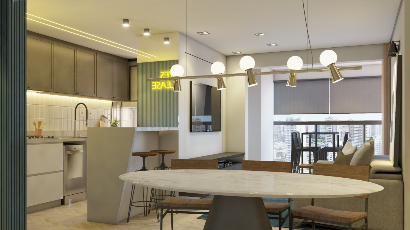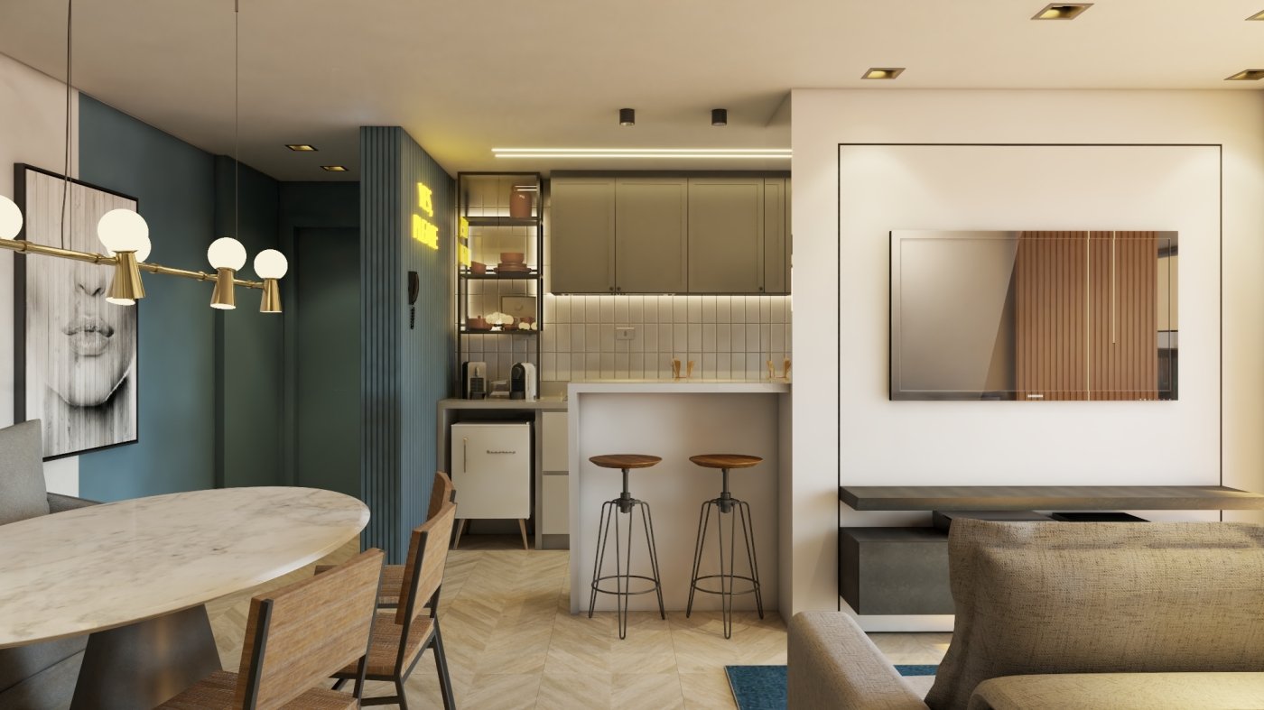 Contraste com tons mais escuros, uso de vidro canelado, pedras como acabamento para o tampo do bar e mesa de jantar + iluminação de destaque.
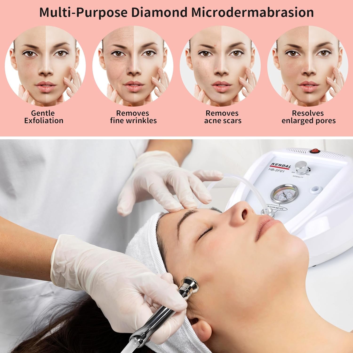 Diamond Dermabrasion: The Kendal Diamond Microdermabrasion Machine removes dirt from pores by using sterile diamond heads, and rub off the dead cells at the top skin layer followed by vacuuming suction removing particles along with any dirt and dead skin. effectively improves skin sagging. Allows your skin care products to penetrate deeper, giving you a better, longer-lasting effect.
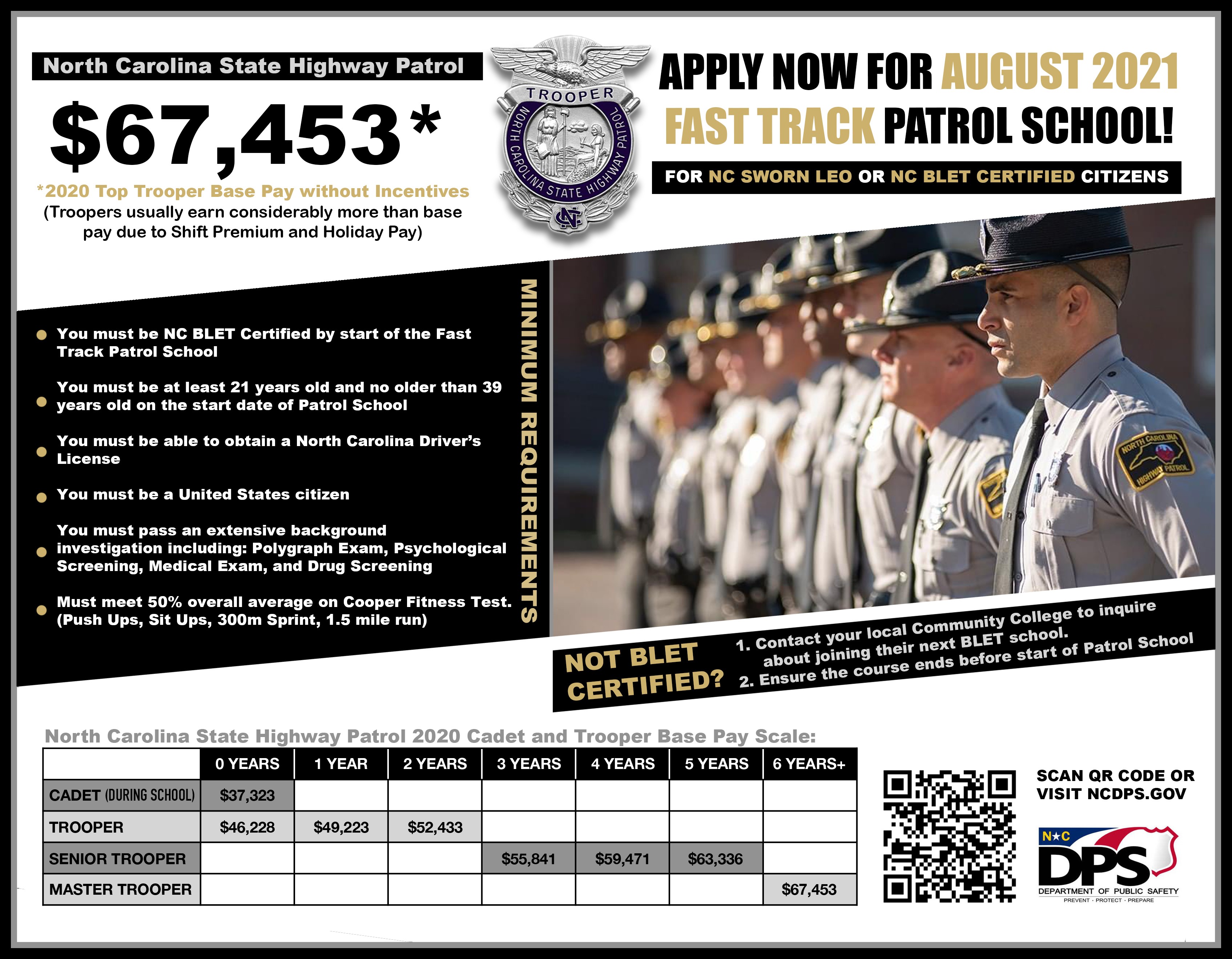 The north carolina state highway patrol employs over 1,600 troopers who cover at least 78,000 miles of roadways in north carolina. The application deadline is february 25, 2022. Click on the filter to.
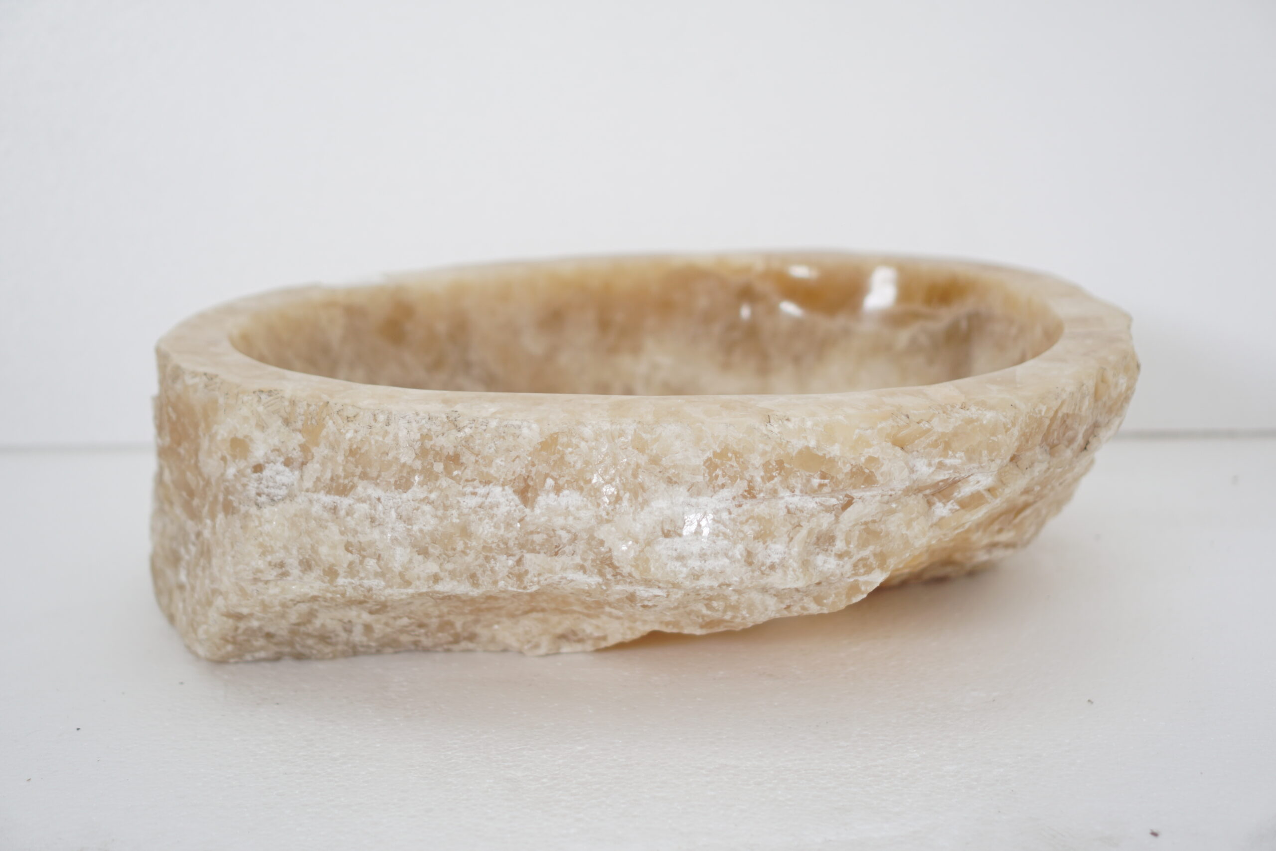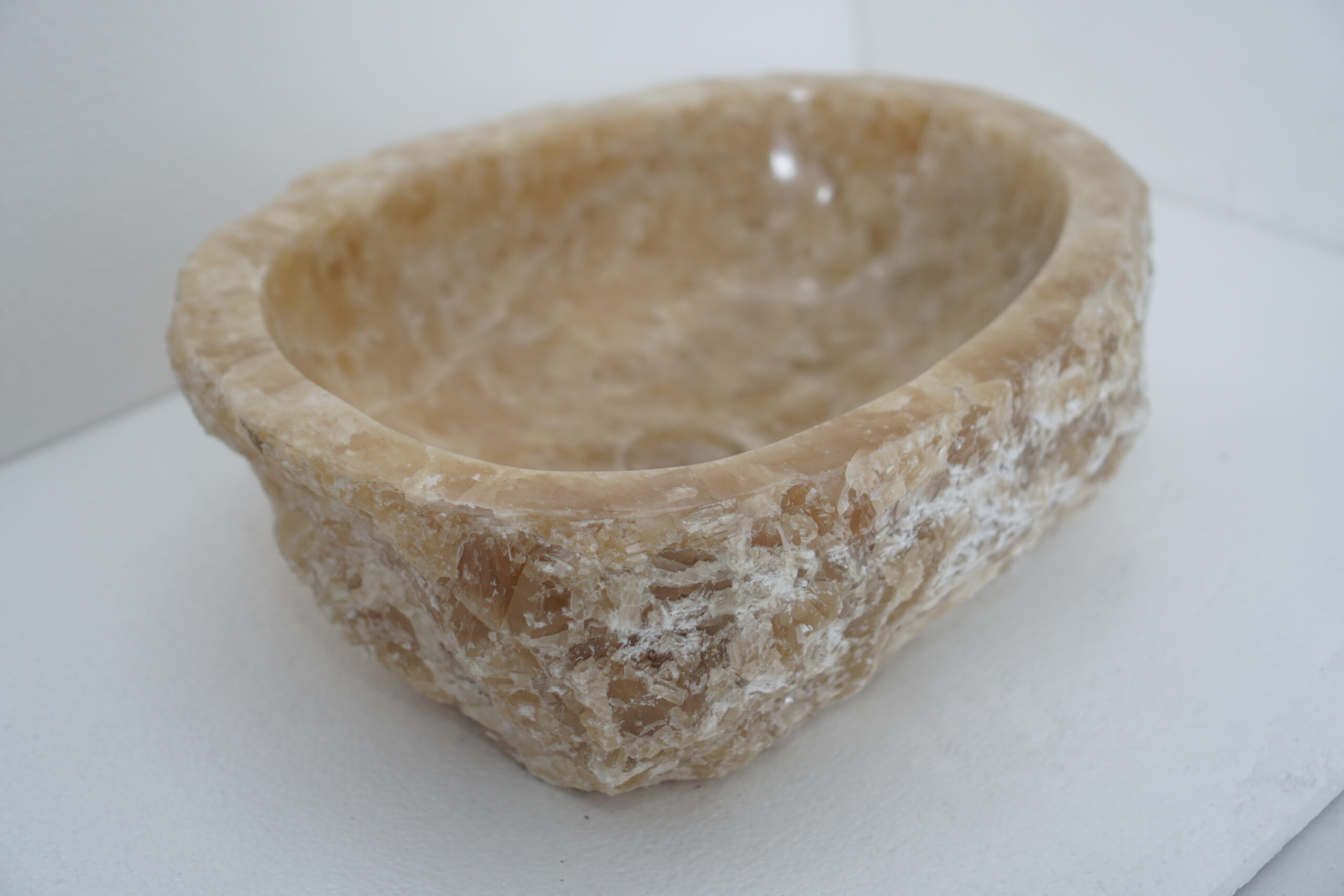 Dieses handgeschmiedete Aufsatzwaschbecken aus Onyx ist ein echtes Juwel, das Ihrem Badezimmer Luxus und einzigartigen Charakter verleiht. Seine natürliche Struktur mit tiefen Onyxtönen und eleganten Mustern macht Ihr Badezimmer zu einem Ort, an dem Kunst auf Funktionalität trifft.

┄┄┄┄┄┄┄┄┄┄┄┄┄┄┄┄┄┄┄┄

- **What is required**
Beginning with the line that holds "The north carolina", extract every line to the end of the material, exactly as it stands, and drop the pictures.

- **Answer below**
 The north carolina state highway patrol employs over 1,600 troopers who cover at least 78,000 miles of roadways in north carolina. The application deadline is february 25, 2022. Click on the filter to.
 Dieses handgeschmiedete Aufsatzwaschbecken aus Onyx ist ein echtes Juwel, das Ihrem Badezimmer Luxus und einzigartigen Charakter verleiht. Seine natürliche Struktur mit tiefen Onyxtönen und eleganten Mustern macht Ihr Badezimmer zu einem Ort, an dem Kunst auf Funktionalität trifft.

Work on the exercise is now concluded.